Cuando el tren paró en León, yo me despabilé y una japonesa se subió. El hecho mismo de ver a una japonesa en León resulta extravagante por sí solo, como si a la perífrasis le faltara algo. Mis impresiones sobre León están basadas en algunas lecturas sobre la infancia de Durruti y las imágenes que retengo de soslayo cada vez que marcho y vuelvo de Oviedo en tren. Uno espera encontrarse a una japonesa en Madrid o Barcelona, por la internacionalidad, o en Sevilla, por la Giralda. Pero no en León. Aquella era una japonesita joven de media altura, muy blanca y muy delgada. Se sentó a mi lado y se arropó con una rebeca negra, porque RENFE tiene la pretensión íntima, o eso parece, de querer ahorrarle al Gobierno pensiones, subsidios y números en la cuenta de los desempleados a base de subir el aire acondicionado en los trenes como si en cada viaje atravesáramos Nuevo México. Supe enseguida que era japonesa por lo fino de los ojos y por el móvil, que aparecía lleno de signos cuya estética arbórea tenía yo aprendida de cuando era chico y veía Doraemon. El Gato Cósmico y Bola de Dragón han conseguido triunfos incomparables como relaciones públicas de Japón en el Occidente contemporáneo, y eso no lo pueden entender los cuarentones o cincuentones de hoy que crecieron todavía en el recelo al nipón por la Guerra Mundial. Aquella chica, que se acomodaba tímida sin arrellanarse en su sillón, no tenía la gestualidad expansiva del español medio, que ha de mostrar al mundo su presencia igual que uno se pueblo se obliga siempre a decir lo mucho que es de pueblo cuando está en Madrid.

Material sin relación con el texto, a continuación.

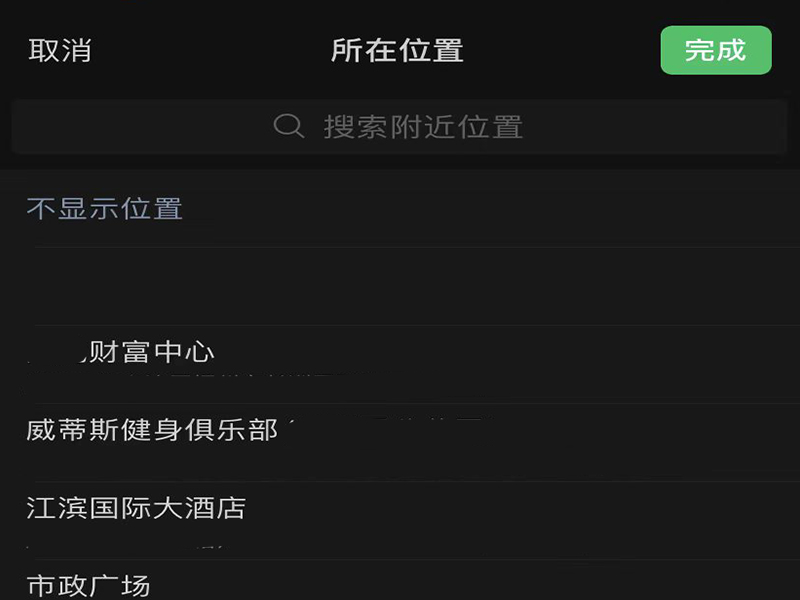 4、进入“所在位置”界面后,选择一个别的地方的位置就可以了。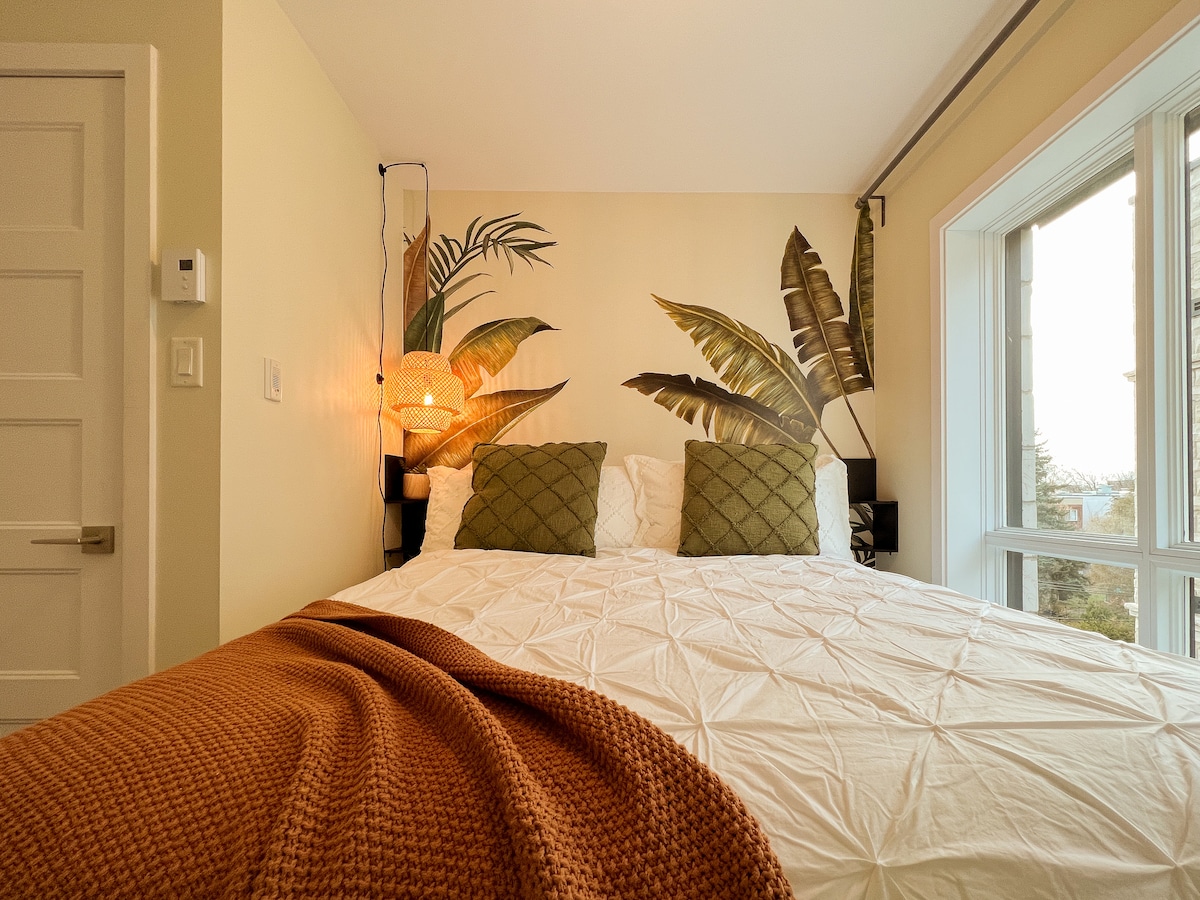 ¡Disfruta de tu estancia en el centro de la ciudad! ¡Nuevo TDC 2 de lujo en el centro con acceso directo al Bell Center! ¡Disfruta de la comodidad de nuestro apartamento de un dormitorio totalmente amueblado y equipado con balcón privado propio! Tu estancia incluye acceso a sauna, piscina, gimnasio, salón panorámico, sala de juegos, salón y terraza con múltiples barbacoas. Aparcamiento subterráneo gratuito, con el metro a pocos minutos. Sin salir, la ciudad es tuya para explorar. Además, relájate con Netflix de cortesía para disfrutar de una estancia perfecta.

La japonesa sonreía con dulzura y no molestaba, y yo me olvidé de ella hasta que el tren paró en Valladolid y ella se bajó. Lo más inquietante fue la seguridad con la que ejecutó todos sus movimientos. Entendió perfectamente cuando por el altavoz balbucearon Valladolid, agarró sus cosas y con pie firme salió fuera. Se internó por la grisura vallisoletana, por esas calles amarillas y esas casas sin concesión a la eternidad con que se conforma la gente allí, y yo sentí una angustia terrible. Quise gritarle a través del cristal que a dónde iba, ahí fuera, si todo eso era Valladolid. Sólo Valladolid, ¡sólo Valladolid! Mirando desde donde estaba sentado esas aceras desoxigenadas y esos tejados cuadrados llenos de antenas y carteles de bares viejos que parecen tener frío incluso un 28 de julio, me hubiese gustado convencerla de que al fin y al cabo Madrid quedaba a apenas dos horas. Dos horas, y desde ese lugar, a dos horas solamente, podría ir a la vida y al mundo y hasta a su Japón del alma con tal de alejarse de aquella ciudad que a mí, sin haberla pisado nunca y respetando con reverencia a sus gentes vallisoletanas, se me infunde hecha con la textura de los dementores: aquellos espectros carceleros de Harry Potter que robaban las ganas de vivir con sus trágicos besos de oscuridad. Al partir el tren y ya no verla más, lamenté no haberle susurrado al oído qué le unía a Valladolid; por qué le apetecía en aquella mañana tibia de verano castellano bajarse en Valladolid habiendo tanta España que refulge ahí fuera, al final de la vía de nuestro tren. Musitarle en voz baja, poniendo cara de alucinado, que Valladolid es oscuro y alberga horrores. Sin embargo, el tren continuó y, claro, ¿acaso marchaba yo hacia un lugar mejor?